Main picture: Painting of AJ Montgomery of the 10th Hussars
In the meanwhile, and in anticipation of our deployment to South Africa, a large number of Reservists had been recalled for service together with many older NCOs. Due to this surplus of NCOs, I had to revert once again to a Trooper like many other younger corporals had also been compelled to do so, even though some had been promoted to corporal many months prior to when I had received my promotion.
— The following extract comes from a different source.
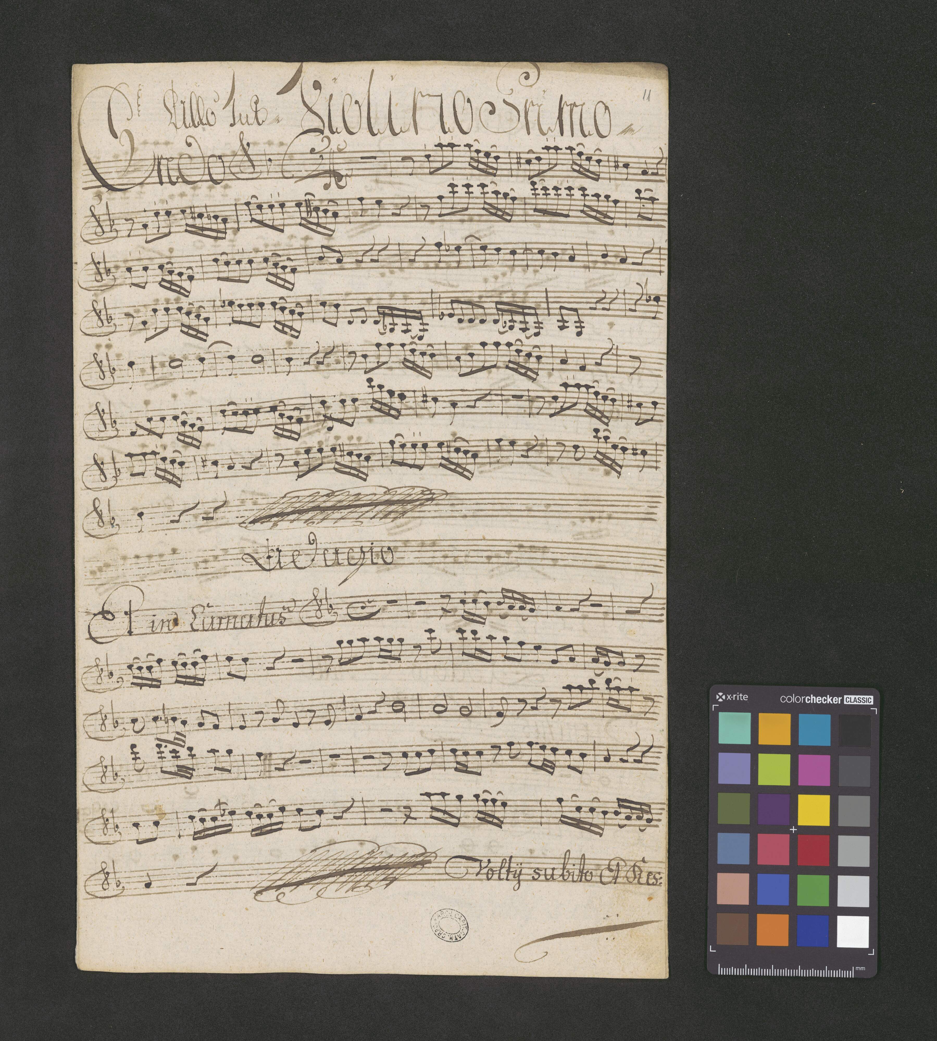 [title page:] Solenne | Credo Pulchrumque | ex | Canto Alto. | Tenore Baſso. | Violini Due | [added later in lighter ink] Flauto et Oboe due] | Cornu Due F | Violetta Neces: | con | Organo. | Del Sigl Brixi | Ex lebus [sic!] | Fel: Lang

Colonel R.B. Fischer paraded us dismounted in a hollow square in the large Riding School and gave us an inspirational talk, informing us how the Regiment had always been in the front line. He also explained what an excellent record the Regiment possessed and hoped that the Regiment would soon be on active service and do its duty as the Regiment had previously done. That was the gist of his talk. Left unsaid were any reasons why we were going to fight, or any political rhetoric. He cut a fine figure of a soldier as he stood on the balcony with his officers arrayed around him. We entrained that night in our new kit. What a job of hard work it all entailed leading out own horses up the ramps into the horse trucks in the pouring rain. Dressed in our unfamiliar khaki, putties instead of jack boots and helmets instead of busbies, all in the dark of night. Then it was on to Birkenhead where our ship was sailing from. I recall sitting in the coaches soaked up to the knees and packed like sardines. When we arrived at the docks, we had to wait a long time in the early morning for the horses to be moved up to our ship for the transfer from their trucks. After what seemed like an eternity, the horses were loaded onto the ships as well as our kit and heavy baggage stowed away. It was only now that we had a little time to look around us. The ship was named the SS Ismore of about 3,000 tons. I guessed that it had previously been used to ship cattle to North America. I found out that the troops comprised our A Squadron and one troop of 13 Squadron, a Field Howitzer Battery of Artillery and a Field Ambulance Company. In total this consisted of about 455 troops together with crew as well as 334 horses. The rest of the Regiment was conveyed in the SS Columbia. The departure was delayed by one day owing to a heavy storm in the St George’s Channel and Irish Sea. This resulted in about a quarter of the crew deserting the ship based upon the well-known superstition about ships sailing on a Friday. As far as possible, Dock Police replaced the absentee crew by rounding up any volunteers among the dock workers and sailors waiting for jobs in the vicinity. So ended a day of high drama.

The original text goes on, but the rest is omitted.